Activity — Everything from the first line of the data below through the line that contains "さらに、天面に「宇髄天元」が" should be written out exactly, please, and nothing more; the pictures stay out.

(Data provided Opens)

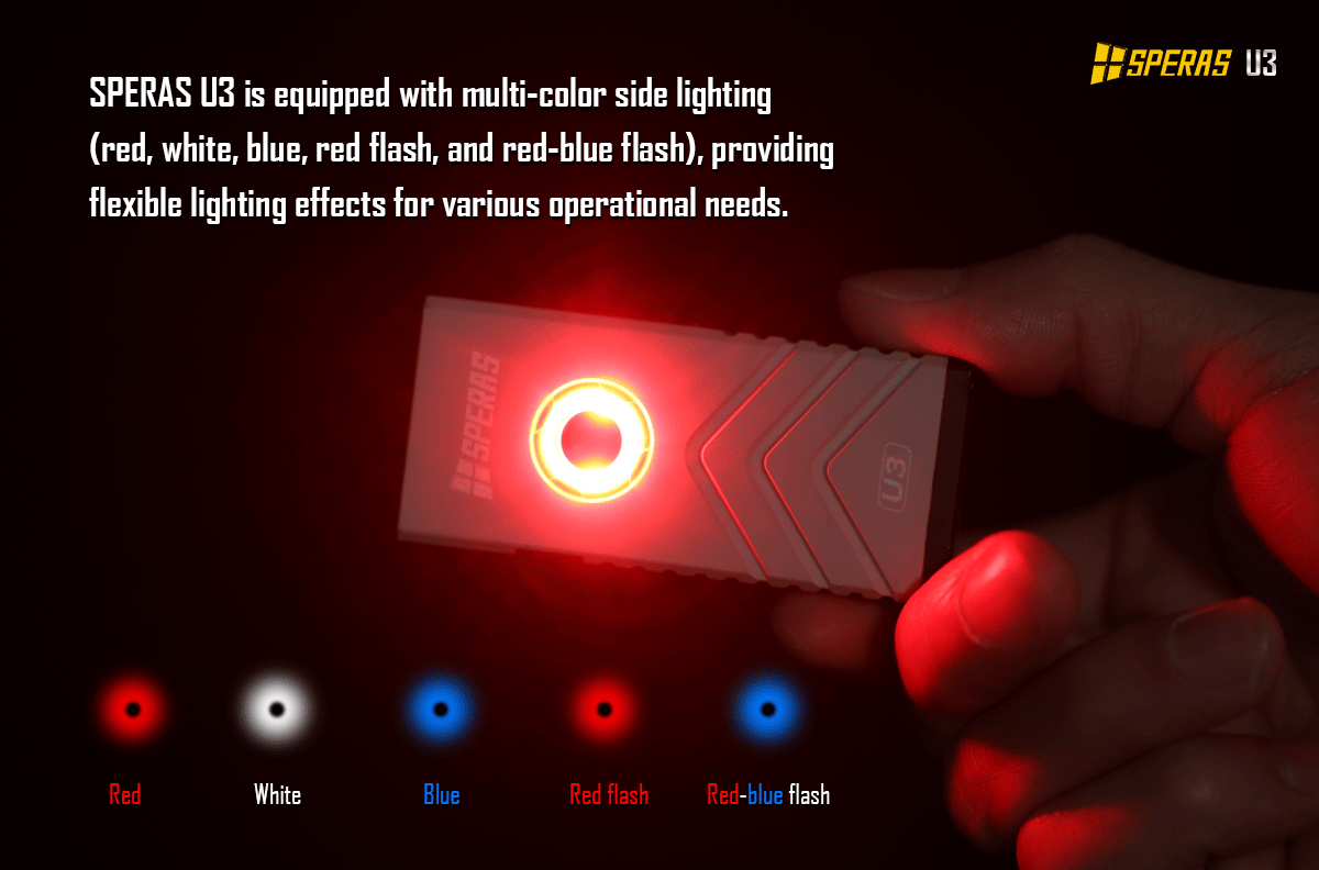 • The Speras U3 features multi-colour side lighting—red, white, blue, flashing red, and red-blue modes—giving you the flexibility to adapt your lighting to any need while preserving your night vision.
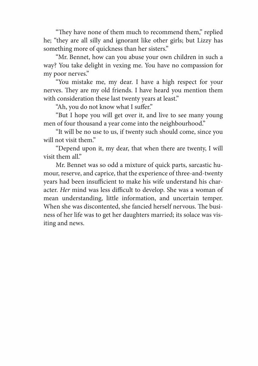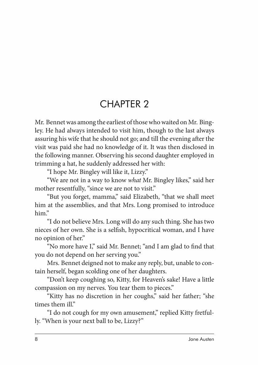 Хороший вариант для любителей читать классическую английскую литературу в оригинале. Книга имеет приятное оформление. Качественная белая бумага и удобный шрифт будут в помощь тем, кто еще не слишком уверенно читает английские тексты. Само произведение прекрасно воспроизводит атмосферу Англии 19 века, погружая своего читателя в жизнь, насущные проблемы и чаяния семьи Беннетов.
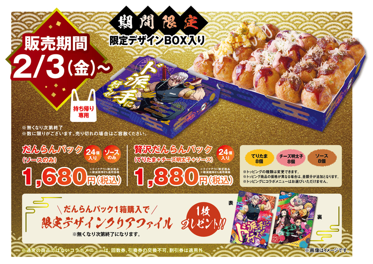 さらに、天面に「宇髄天元」が”ド派手”に描かれた「限定デザインBOX入りだんらんパック(24個入り)限定デザインクリアファイル付」もあわせて提供されます☆
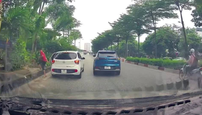 Hà Nội - Hai xe phải phanh gấp để tránh một chiếc xe khác dừng lại thả người giữa đường tại Võ Chí Công.

(Data provided Closes)

Exercise answer —
 • The Speras U3 features multi-colour side lighting—red, white, blue, flashing red, and red-blue modes—giving you the flexibility to adapt your lighting to any need while preserving your night vision.
 Хороший вариант для любителей читать классическую английскую литературу в оригинале. Книга имеет приятное оформление. Качественная белая бумага и удобный шрифт будут в помощь тем, кто еще не слишком уверенно читает английские тексты. Само произведение прекрасно воспроизводит атмосферу Англии 19 века, погружая своего читателя в жизнь, насущные проблемы и чаяния семьи Беннетов.
 さらに、天面に「宇髄天元」が”ド派手”に描かれた「限定デザインBOX入りだんらんパック(24個入り)限定デザインクリアファイル付」もあわせて提供されます☆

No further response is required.